Diagnostic Value of the Risk of Malignancy Index (RMI) for Detection of Pelvic Malignancies Compared with Pathology.

Autor: Karimi-Zarchi M; Gynecology Oncology Fellowship, Associate Professor, Gynecology Department, Faculty of Medicine, Shahid Sadoughi University of Medical Sciences, Yazd, Iran., Mojaver SP; General Practitioner, Shahid Sadoughi University of Medical Sciences, Yazd, Iran., Rouhi M; Medical Student, Young Researchers and Elites Club, Faculty of Medicine, Islamic Azad University, Yazd Branch, Yazd, Iran., Hekmatimoghaddam SH; Pathologist, Assistant Professor, Department of Laboratory Sciences, Faculty of Paramedicine, Shahid Sadoughi University of Medical Sciences, Yazd, Iran., Moghaddam RN; Radiologist, Associate Professor, Department of Radiology, Faculty of Medicine, Shahid Sadoughi University of Medical Sciences, Yazd, Iran., Yazdian-Anari P; Medical Student, Student Research Committee, Faculty of Medicine, Shahid Sadoughi University of Medical Sciences, Yazd, Iran., Teimoori S; Medical Student, Young Researchers and Elites Club, Faculty of Medicine, Islamic Azad University, Yazd Branch, Yazd, Iran.
Jazyk: angličtina
Zdroj: Electronic physician [Electron Physician] 2015 Nov 20; Vol. 7 (7), pp. 1505-10. Date of Electronic Publication: 2015 Nov 20 (Print Publication: 2015).
DOI: 10.19082/1505
Abstrakt: Introduction: Pelvic masses are among most the common causes of patient admission into gynecology clinics and one of the most common reasons for referral to gynecologic oncology departments due to the risk of uterine or ovarian malignancies.
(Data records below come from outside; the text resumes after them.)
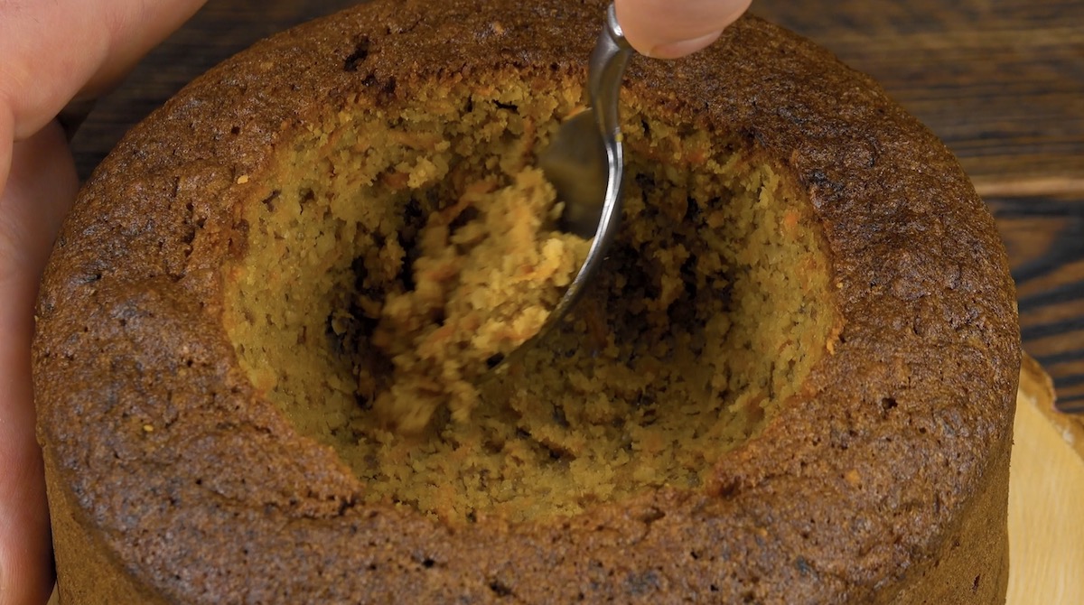 4.) Löse den Kuchen aus der Springform, nachdem er vollständig ausgekühlt ist. Höhle in der Mitte des Kuchens ein etwa drei Zentimeter tiefes Loch aus.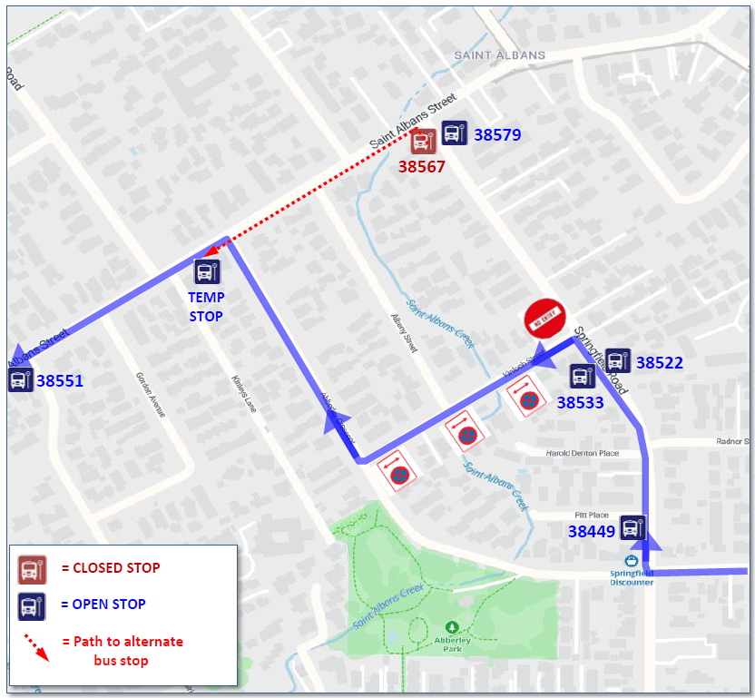 Buses travelling westbound towards Wigram will follow the normal route to Springfield Rd, turn left on Kinloch St, turn right on Abberley Cres, and turn left on Saint Albans St to resume the normal route.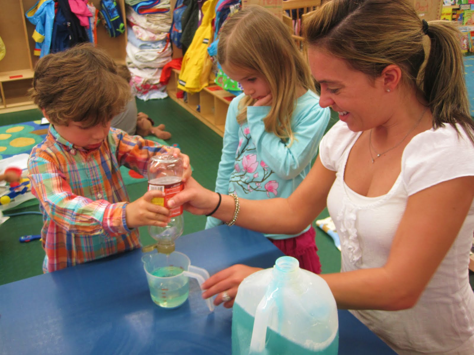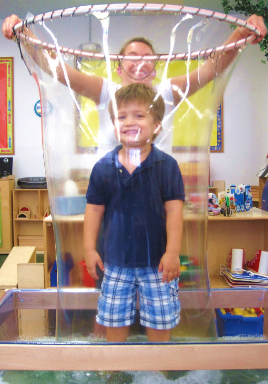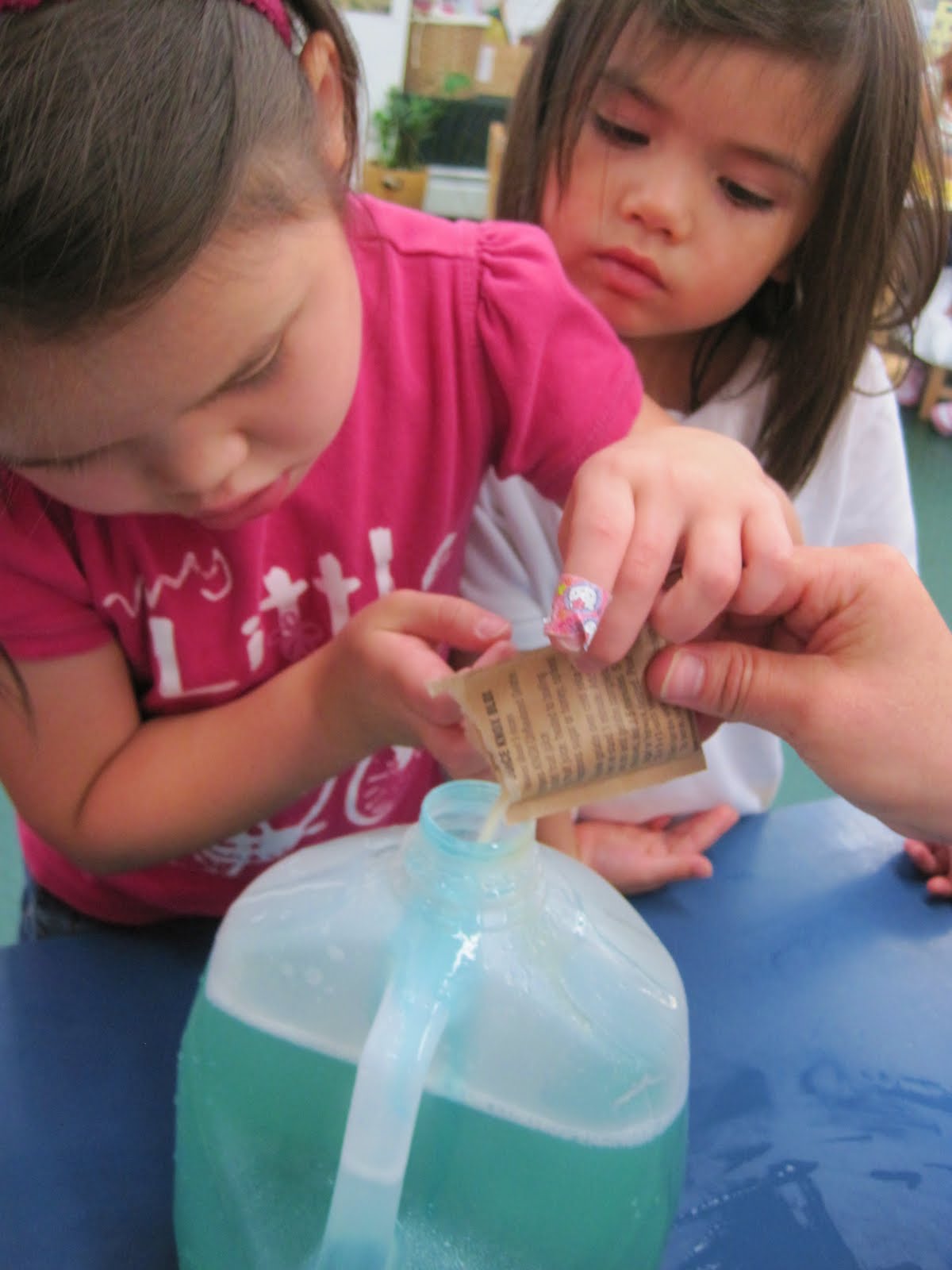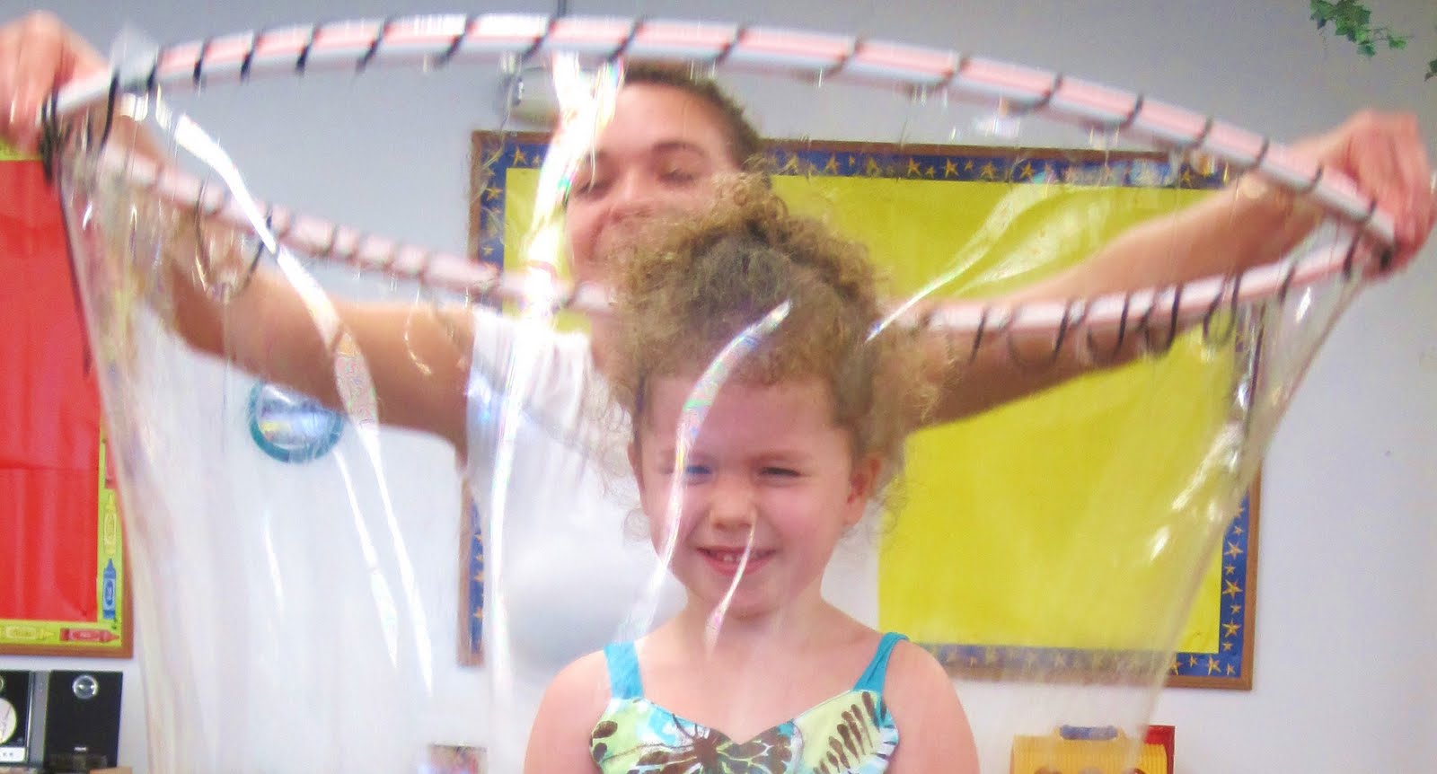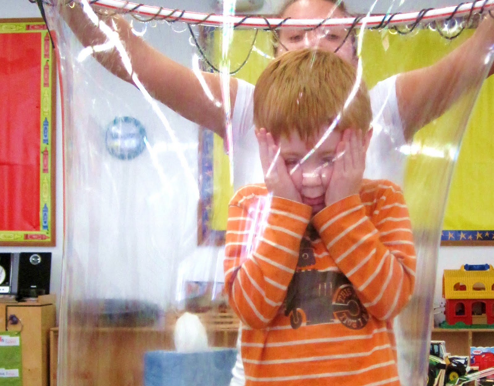 In order to make the full-body bubbles, the children worked with Miss Caitlin to create the special bubble solution using Dawn Dish Soap, Corn Sryup, and Gelatin.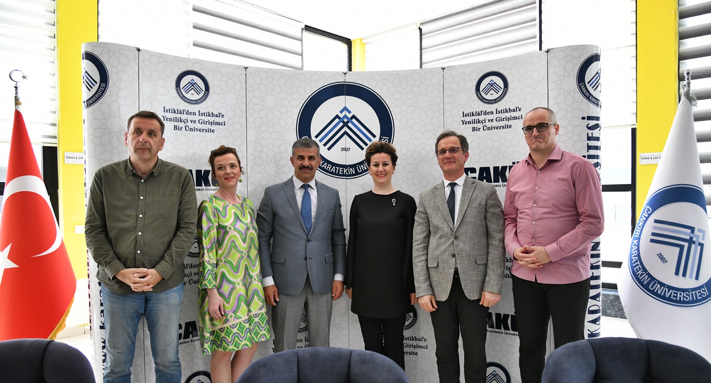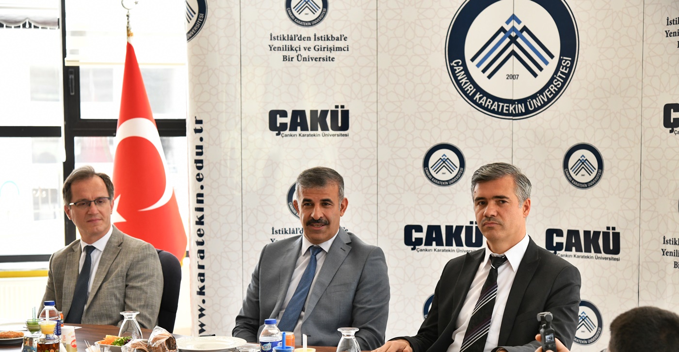ÇANKIRI Karatekin Üniversitesi (ÇAKÜ) Uluslararası İlişkiler Ofisi’nin Erasmus+ KA107 projesi kapsamında, üniversitemizde ders verme ve eğitim alma faaliyetleri gerçekleştirmek üzere farklı ülkelerden ÇAKÜ’ye gelen 20 akademik personel, Rektörümüz Prof. Dr. Harun Çiftçi’yle öğle yemeğinde bir araya geldi. Rektör Yardımcısı Prof. Dr. Hüseyin Odabaş’ın da yer aldığı yemekte katılımcılar, üniversitemizle karşılıklı iş birliğini geliştirmek için önerilerini ve ziyaretlerine dair görüşlerini paylaştılar. Görüşme, hediye takdimi ve fotoğraf çekimi ile sonlandı.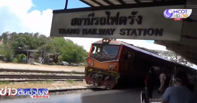 ภาพรถไฟขบวนสุดท้ายที่วิ่งระหว่างกรุงเทพฯ ปลายทางสถานีกันตัง จ.ตรัง หลังมีการประกาศหยุดวิ่งรับผู้โดยสารเพื่อให้สอดคล้องกับมาตรการเคอร์ฟิว
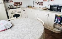 Из мебели останется кухонный гарнитур, диван, шкафы, стиральная машина и кондиционер.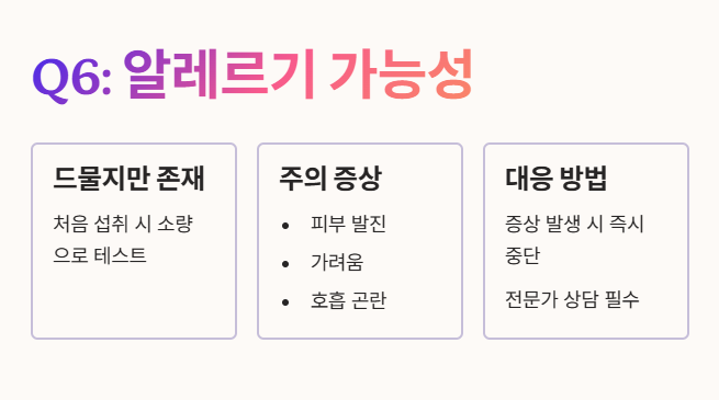 - 처음 먹어보는 경우 소량만 섭취해보고, 피부 발진, 가려움, 호흡 곤란 등의 증상이 나타나면 즉시 섭취를 중단하고 전문가와 상담해야 합니다.

The aim of this study is to compare the four indices of the risk of malignancy index (RMI 1-4), as a combination of menstrual status, radiological findings, and serum CA125 concentration, for discrimination of benign from malignant pelvic masses.
Methods: This retrospective descriptive and analytic study was conducted on 200 patients with pelvic mass, post-surgery, and who were referred to the oncology department in Shahid Sadoughi hospital of Yazd (Iran) between June 2007 and September 2011. Data regarding demographics, pathology reports, paraclinical and clinical tests were analyzed. The four RMI indices were separately used for determination of benign vs. malignant masses using the optimized cutoff points, ROC curve, sensitivity, specificity, predictive value of positive and negative, and accuracy. Finally, p value for each index was calculated, and a final discrimination power was measured by using SPSS version 17 software.
Results: The calculated p values in the four RMI indices in ultrasound findings indicated statistical significance, and the RMI 2 showed the highest level of accuracy or diagnostic performance. RMI 2 had a cutoff point of 90, an under-chart area 86.7, 79.36% sensitivity, 78.95% specificity, 58.44%, positive predictive value, 90.08% negative predictive value, and 78.93% accuracy, and a p value of 0.004. However, this relationship was found not to be meaningful using CT scan images.
Conclusions: Using RMI 2 for differentiation of malignant from benign pelvic masses is a reliable method with ultrasound findings.